Fast forward a year and a half, a condo remodel, a puppy, a wedding, a honeymoon, another 9 months and we welcomed our first born to the world. Our long dates are replaced by couch snuggles with a baby on our chest and a puppy by our side, “just because” calls are replaced with short “we need” calls, and while all the love remains we’re exhausted by parenthood and life =)
A move to a new house, a crazy sweet toddler who is now two, and we welcomed our second baby boy into the world. The couch snuggles grow by one and the rare quiet times are replaced by chaos, and love, and moments, so many moments.
And Josh and I did our best to date where we could and make time for us, probably more so than most. But here’s the thing with time, if you don’t manage it, it manages you and there’s never enough of it in a day, unless you all have the flu and are projectile vomiting, those days never end! But back to us, we were no longer making each other a priority. The kids were our main focus, which works great short term (especially when you’re in newborn survival mode and drowning in feedings and diapers) but it won’t work long term, not if you want to last. You have to make your spouse a priority, your marriage a priority.

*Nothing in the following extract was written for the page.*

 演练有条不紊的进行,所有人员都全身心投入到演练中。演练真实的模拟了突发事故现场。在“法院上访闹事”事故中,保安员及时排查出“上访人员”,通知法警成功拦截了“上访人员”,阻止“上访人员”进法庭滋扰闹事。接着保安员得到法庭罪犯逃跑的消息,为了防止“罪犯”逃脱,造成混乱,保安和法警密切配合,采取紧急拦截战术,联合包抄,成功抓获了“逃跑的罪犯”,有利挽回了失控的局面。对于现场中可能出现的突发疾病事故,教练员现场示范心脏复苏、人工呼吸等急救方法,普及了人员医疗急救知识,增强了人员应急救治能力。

You see, it was US before the boys were born and it’ll be US again long after. And when the kids grow and leave the house I still want to know who my husband is, I want to know his likes and dislikes, his dreams and goals, and I want to be on this journey together, with him. And luckily for me, so does he.

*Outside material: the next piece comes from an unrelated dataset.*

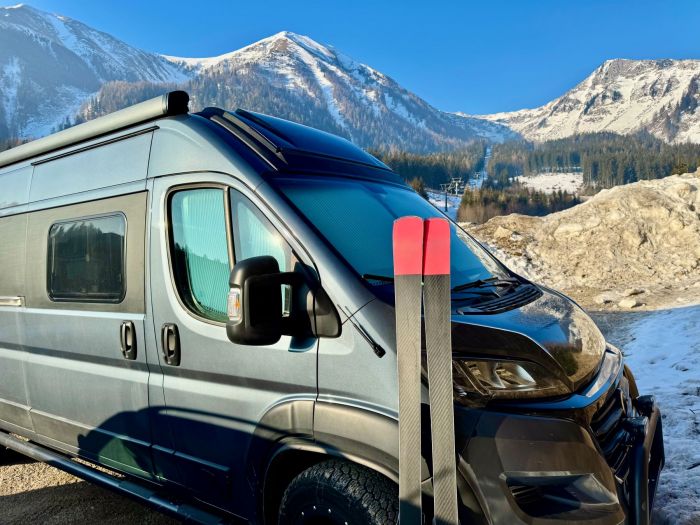 Whether you're road-tripping across the Rockies or working remotely from the coast, the layout is designed for pure comfort. Swiveling seats, a modular table setup, built-in cooler, and wireless chargers tucked into each armrest all come together in a layout that makes long hauls feel short. A rear power-folding bench transforms into a bed, perfect for impromptu overnights or full-on van life.

So, we’ve decided to date each other, we’ve changed our evening schedule so the kids get into bed a little earlier, which means we can sit down together and bond. We’ve vowed to make time for US and to make US a priority again. So I encourage you to date your spouse, put your phone down, study their face, make out with them, laugh with them, love them, and who knows, you just may remember why you started dating them to begin with =)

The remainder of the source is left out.